According to the National Association of Realtors’ (NAR) 2017 Home Buyer and Seller Generational Trends study released Tuesday, there has been an uptick in the number of generation Xers buying a home during the past year. Millennials, on the other hand, have struggled with making down payments on houses mostly due to student debt.
According to the NAR, 46 percent of millennials have student debt, with the average balance at $25,000. The average debt of millennials is lower than gen X borrowers, who owe around $30,000 on average, but the debt is still hurting their ability to purchase a home.

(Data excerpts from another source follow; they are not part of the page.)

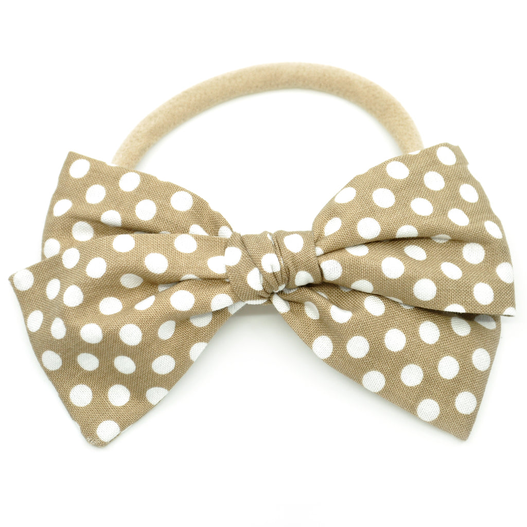 This Rona Bow features a beautiful, 100% cotton, gold colored fabric with a white polka dot print. It is a hand-tied, schoolgirl bow with sewn ends and is anchored so that the bow will not come untied. Colors may appear slightly different due to differences in resolution on your computer screen. Each bow can be placed on a reversible alligator clip or a Nylon headband. The alligator clip is reversible, to allow the bow to be worn on either side of the head. The nylon headbands are one size fits all and can be worn by newborns to adults--perfect for your growing child!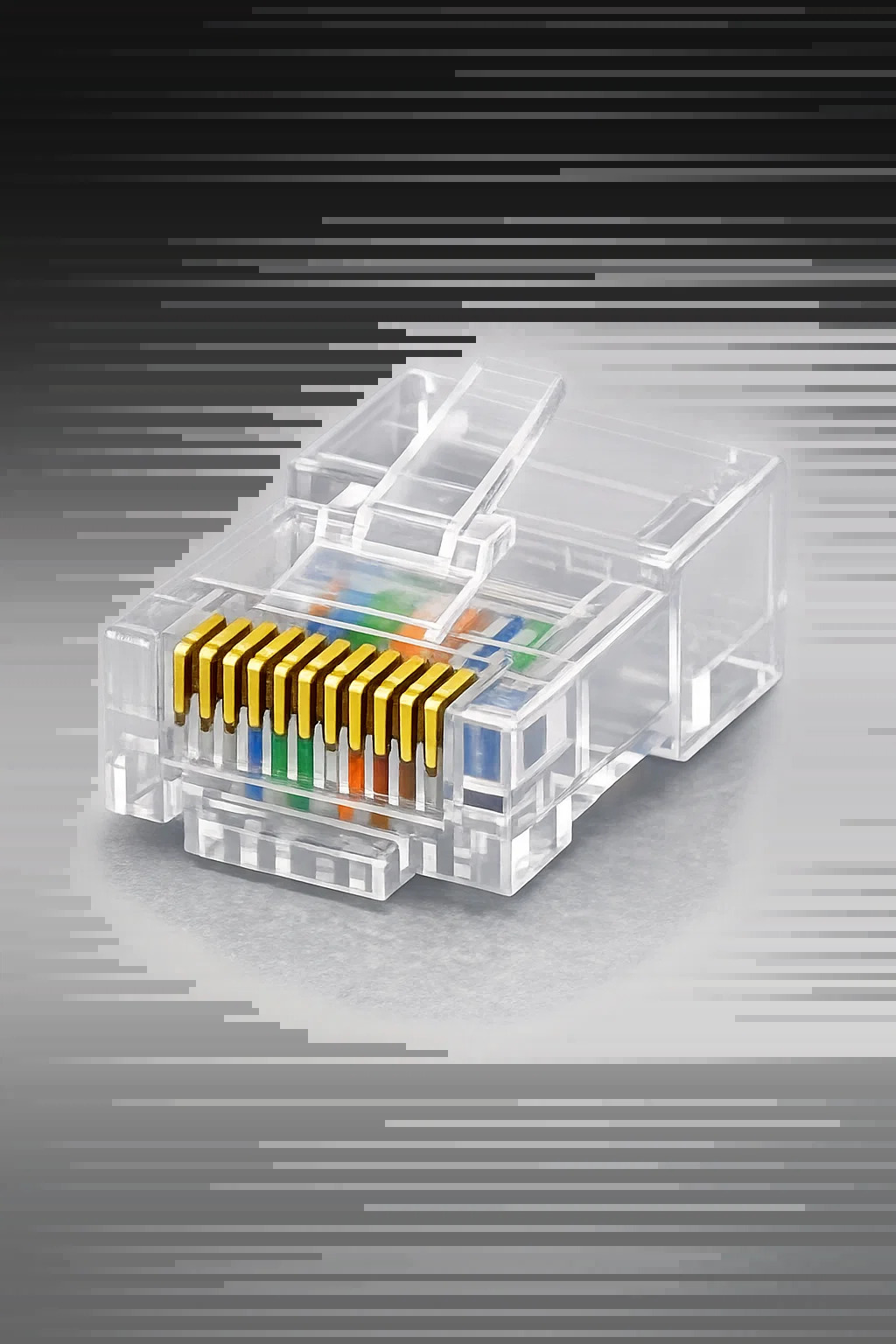 Material totalmente plástico: Este plugue modular 10P8C Cat.5e não blindado é feito inteiramente de plástico transparente ou translúcido, sem o invólucro de metal brilhante na parte externa.
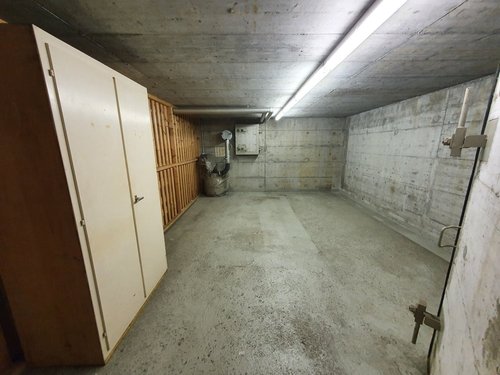 Das Lager ist ca. 26m2 gross. Der Zugang erfolgt mittels Rampe ins UG, anschliessend über eine Betonschwelle durch den Velokeller in einen Zivilschutzraum.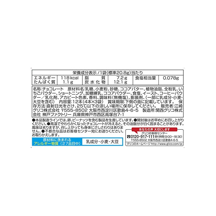 원재료:유당,소맥분,설탕,코코아 버터,식물성 기름지,전분유,딸기 파우더,쇼트닝,가당연유,코코아 파우더,식염,이스트,커피 파우더/유화 제,《아카비토》색소,향료,조미료(무기염)고, 팽창 제,(일부에 유성분 밀 대두를 포함한다)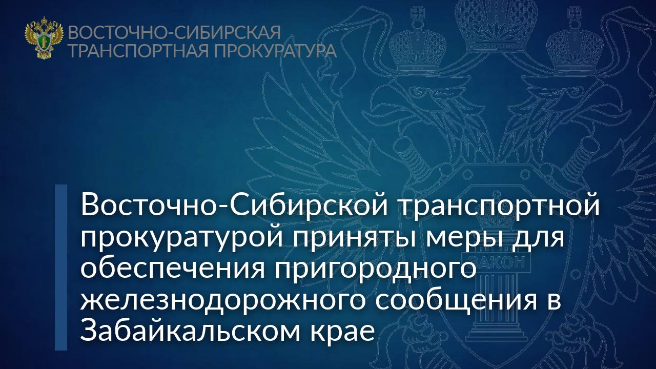 Восточно-Сибирской транспортной прокуратурой приняты меры для обеспечения пригородного железнодорожного сообщения в Забайкальском крае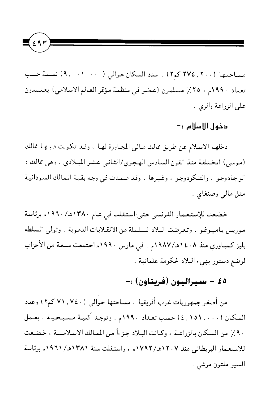 من أصغر جمهوريات غرب أفريقيا، مساحتها حوالي (71.740 كم 2) وعدد السكان (4.151.000) حسب تعداد 1990 م. وتوجد أقلية مسيحية، يعمل 90% من السكان بالزراعة، وكانت البلاد جزءًا من الممالك الإسلامية، خضعت للاستعمار البريطاني منذ 1207 هـ/1792 م، واستقلت سنة 1381هـ/1961 م برئاسة السير ملتون مرغي.

Among potential home buyers saving for a down payment, millennials are still having the roughest time. The NAR found that 55 percent of millennials said student loans were delaying their efforts to save for homes. That compares to just 29 percent of gen Xers and 9 percent of baby boomers.
“Repaying student debt also appears to be slowing some current homeowners who went to graduate school and now can no longer afford to sell and trade up because of their loans,” said Lawrence Yun, the NAR Chief Economist in a press release announcing the study.
For countless millennial student loan borrowers, owning a home is simply out of grasp – even with an improving economy and better job prospects for a generation that has surpassed baby boomers in size.
It’s no secret that the more than $1.4 trillion in student loan debt the nation collectively owes is hurting all aspects of the economy, not just the borrowers’ cash flow. Student loan borrowers are also putting off getting married, starting families, buying cars, saving for retirement, and starting their own businesses which has ramifications for the entire U.S. economy.
What’s more, a recent survey by LendEDU shows just how far borrowers would go to get out from the outsized debt. Take getting a knockout punch from Mike Tyson, as one example. Sure it’s probably going to result in a lot of medical bills, but if it meant no more student loans, 56.73 percent of survey respondents said they would do it. More than half of borrowers would also forgo social media forever, abstain from alcohol and drugs for life, and give up their caffeine addictions if it means they would never have to make student loan payments again. Not surprising only 6.47 percent of student loan borrowers would cut off their pinky finger, while 4.68 percent would move to Syria forever to get rid of their student loan debt, underscoring just how bad of a problem it is.
Though there is no debate that student loan debt is an issue in the U.S., and that it holds many people back from progressing financially, the problem may be party the borrowers’ faults. A recent LendEDU survey revealed just how little student loan borrowers truly know about their loans. Shockingly, nearly half of those surveyed thought that they would receive student loan forgiveness after graduation. Though this may be true for a small portion of graduates, it is alarming that so many students are depending on not having to pay back their debt.
This thinking causes students and recent graduates to forgo making a plan for successful student loan repayment. With no plan and little knowledge about their loans in general, borrowers usually cannot successfully repay their debt – often leading to default. Though having excess student debt can make it difficult to purchase a home, having a student loan default on record makes it even harder.